- ICH GCP
- US Clinical Trials Registry
- Clinical Trial NCT04171778
Effects of Whole Food, Plant-Based Nutrition on Chronic Kidney Disease With Proteinuria
May 2, 2022 updated by: Erin Campbell, University of Rochester
Effects of a Whole Food, Plant-Based Nutrition Program on Subjects With Chronic Kidney Disease and Proteinuria
This study will test the hypothesis that lifestyle intervention consisting of a whole food, plant-based (WFPB) diet and group education will favorably impact outcomes germane to individuals with chronic kidney disease (CKD) stage 3b and 4, including blood pressure control, amount of proteinuria (protein in the urine), and preservation of glomerular filtration rate (GFR).

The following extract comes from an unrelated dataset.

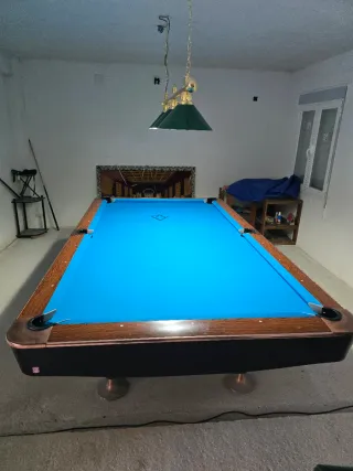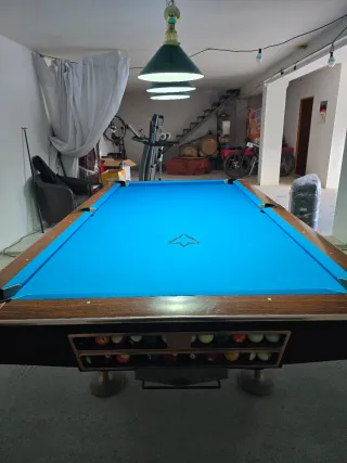 Mesa de billar de 9 pies - Tapete SIMONIS 860 azul tournament con muy poco uso - Patas ajustables para nivelación - Troneras reducidas artesanalmente para mejorar en la precision, se pueden quitar sin problema. -Bandas en perfecto estado
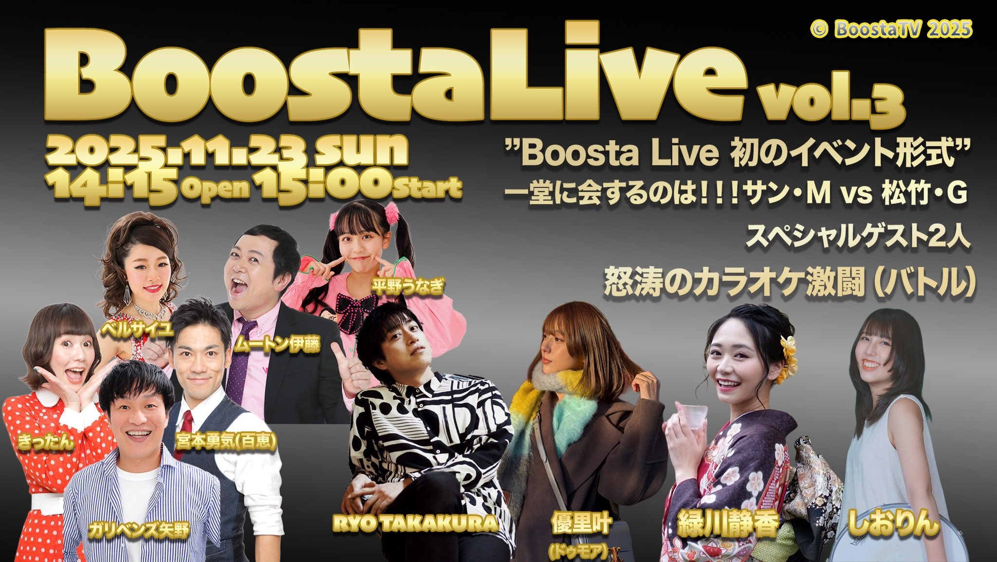 ””Boosta Live 初のイベント形式”” 一堂に会するのは!!! サン・M vs 松竹・G スペシャルゲスト2 怒涛のカラオケ激闘(バトル) 【開催概要】 日時:2025年11月23日(日曜日) 14時15分開場/15時00分開演 会場:Boostudio(ブゥスタヂオ) 出演者:#RYOTAKAKURA'(兼MC) #優里叶(歌手兼MC) サン・M #ガリベンズ矢野 #きったん #宮本勇気 松竹・G #ムートン伊藤 #ベルサイユ #平野うなぎ Special Guest #緑川静香(女優) #しおりん(アーティスト)

In addition, this study will assess weight and body composition, diabetic control in subjects with diabetes as well as CKD, and quality of life.
Safety of a WFPB diet in subjects with CKD will be tested with respect to the development of elevated serum potassium and phosphorus, hypoalbuminemia (low blood protein), hypotension (low blood pressure), and hypoglycemia (low blood sugar).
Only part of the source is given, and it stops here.